I am pancreatic sufficient and really hope I will get to try Kalydeco one day in a not to distant future. I live in Sweden, so off label isn't a possibility here.
I also wonder weither the phase 3 you are refering to here with heterozygote deltas will be proof enough for the FDA or EMA to approve Kalydeco for residual/splicing mutations that dont have a delta on the other allele? My other mutations is a nonsense mutation but Ataluren doesn't even remotely look as promising as the results from.the denver study.


I wish I had the answers to your questions. I can’t figure out why they left out some of the mutations from the Denver study or why they chose to limit the inclusion criteria to specific mutations instead of also including those that had clinical evidence of residual function like you. The study is finally closed and March 2017 is when they are projecting the final collection date for primary outcome measure. I’m not sure what the timeline will be after this. Hopefully, data is analyzed quickly and FDA passes. I’m not sure if they will pass for those not heterozygous for F508del.

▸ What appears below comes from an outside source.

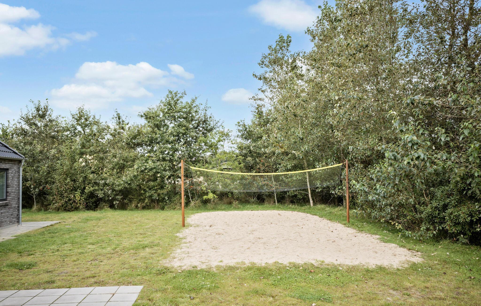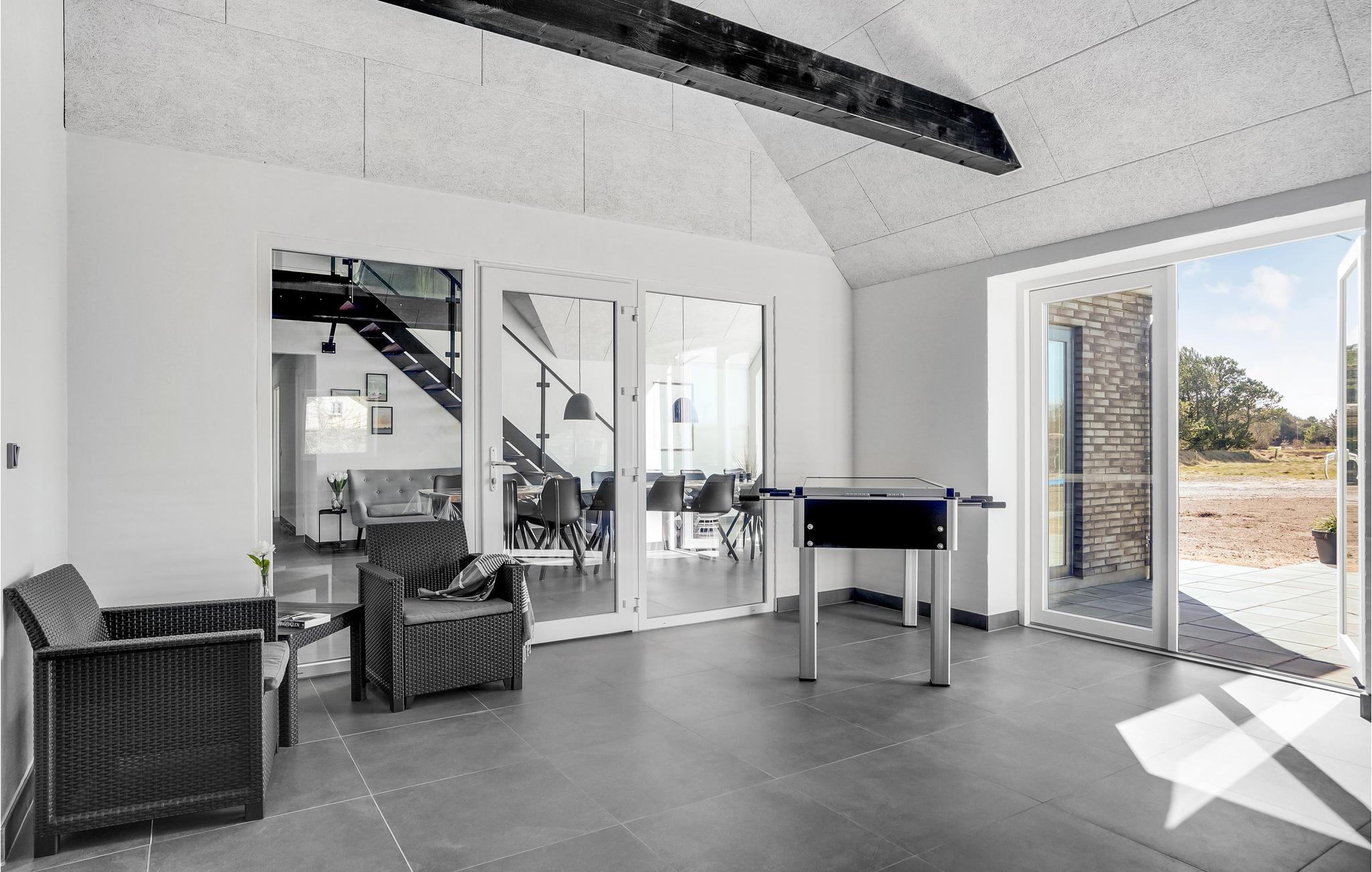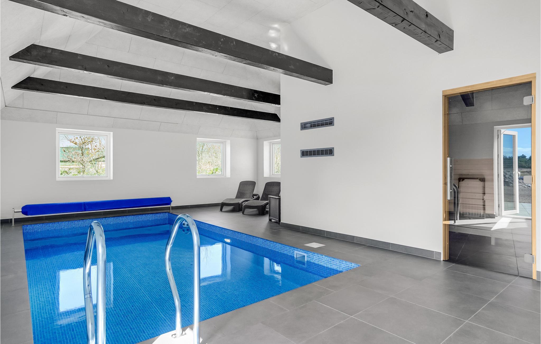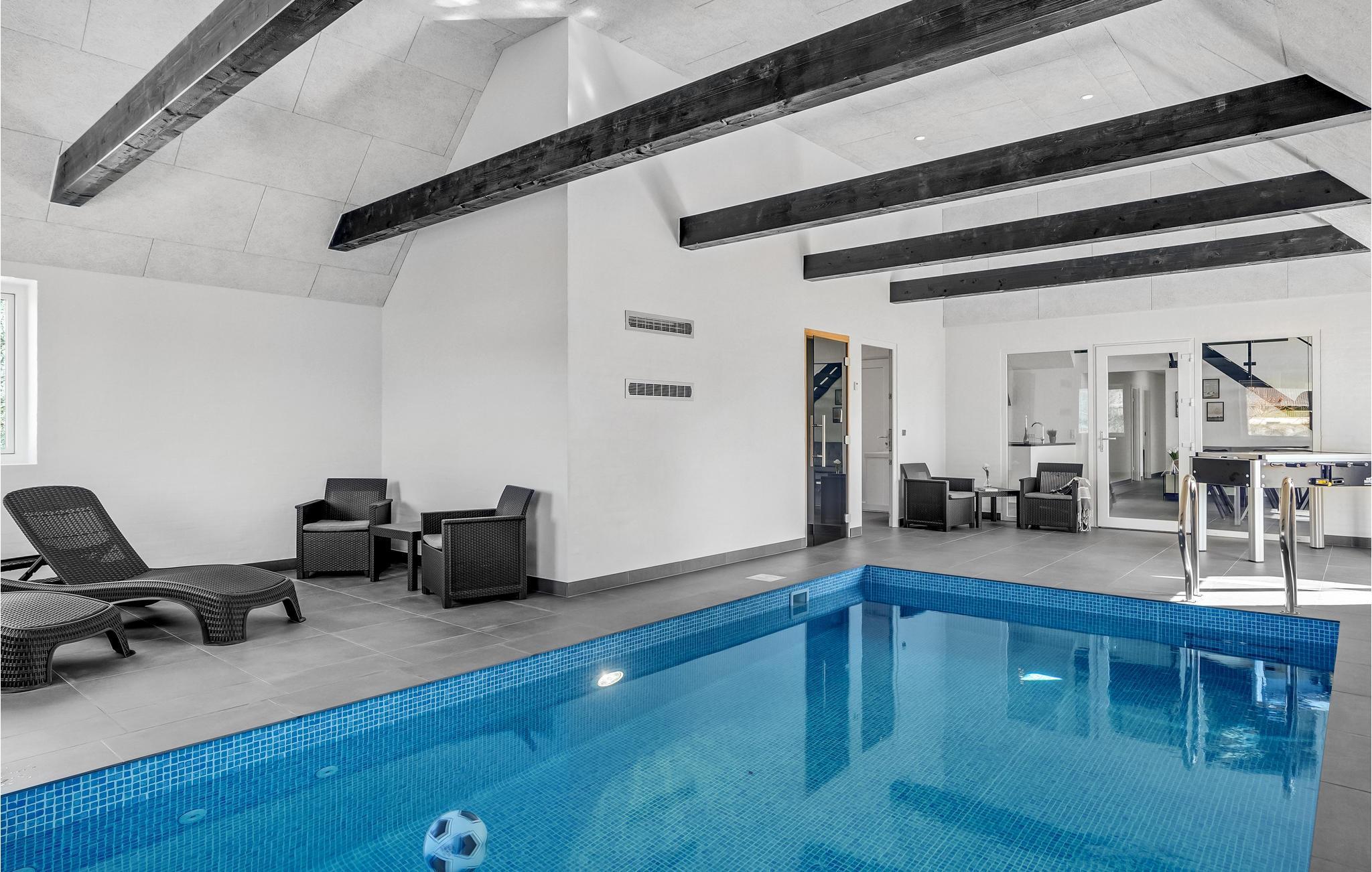 Kommen Sie mit Ihrer Familie bzw. Freunden in dieses luxuriöse, große Ferienhaus. Hier wird Ihnen zu allen Jahreszeiten jeder Komfort geboten. Im oberen Geschoss können Sie sich entspannt zurückziehen. Profitieren Sie von den mit Fernseher ausgestatteten Schlafzimmern, oder dem bequem eingerichteten Lounge-Raum. Hier kann jeder seinen perfekten Rückzugsort finden. Für mehr Aktivität gehen Sie in das Erdgeschoss. In der großräumigen Küche können Sie wunderbar leckere Inselspezialitäten zubereiten, während Sie sich mit Ihren Liebsten unterhalten und die Aussicht auf den Wald genießen. Planschen Sie nebenan im Innenpool oder fordern Sie jemanden zum Tischfußball heraus. Oder möchten Sie lieber sitzend schwitzen? Eine Sauna steht Ihnen ebenfalls zur Verfügung. Im Außenbereich können sich Kinder wunderbar auf dem Trampolin oder der Schaukel austoben, während die Erwachsenen vielleicht der Whirlpool nach draußen lockt? Wer richtiges Dänemark-Feeling erleben möchte, probiert im Shelter auf dem Grundstück im Freien zu schlafen.

I’m hoping they will, theorizing that since F508del doesn’t respond to Kalydeco, those in study that responded to Kalydeco alone were responsive because of their one residual function mutation. (there were 2 arms in study- comparing Kalydeco alone with 661+Kalydeco). Hoping they will include those with clinical evidence of residual function, but unfortunately, I think this is unlikely since that’s not how study was designed. So sad that those that have the potential to benefit, but don’t have specific mutations included, may not even have the chance to try.
If I hear anything further, I’ll be sure to let you know.
 

MissMe

New member
I wish I had the answers to your questions. I can’t figure out why they left out some of the mutations from the Denver study or why they chose to limit the inclusion criteria to specific mutations instead of also including those that had clinical evidence of residual function like you. The study is finally closed and March 2017 is when they are projecting the final collection date for primary outcome measure. I’m not sure what the timeline will be after this. Hopefully, data is analyzed quickly and FDA passes. I’m not sure if they will pass for those not heterozygous for F508del. I’m hoping they will, theorizing that since F508del doesn’t respond to Kalydeco, those in study that responded to Kalydeco alone were responsive because of their one residual function mutation. (there were 2 arms in study- comparing Kalydeco alone with 661+Kalydeco). Hoping they will include those with clinical evidence of residual function, but unfortunately, I think this is unlikely since that’s not how study was designed. So sad that those that have the potential to benefit, but don’t have specific mutations included, may not even have the chance to try.
If I hear anything further, I’ll be sure to let you know.
Thanks for your reply! I have an appointment with one of the senior doctors at my clinic soon, one.of wery few who actualy knows anything about new therapies. I hope she isn't prevented from saying what she knows, if she knows.something. I contacted Vertex naively thinking they would answer my questions but they told me they couldn't say anything but my doctor could get in touch with them if they had questions.
 

stephen

Super Moderator
missme and others,

I know it can be extremely frustrating contacting Vertex about Kalydeco (and probably Orkambi) if you are not taking it On-label. I’ve tried a number of times. They will not even discuss information that is public knowledge.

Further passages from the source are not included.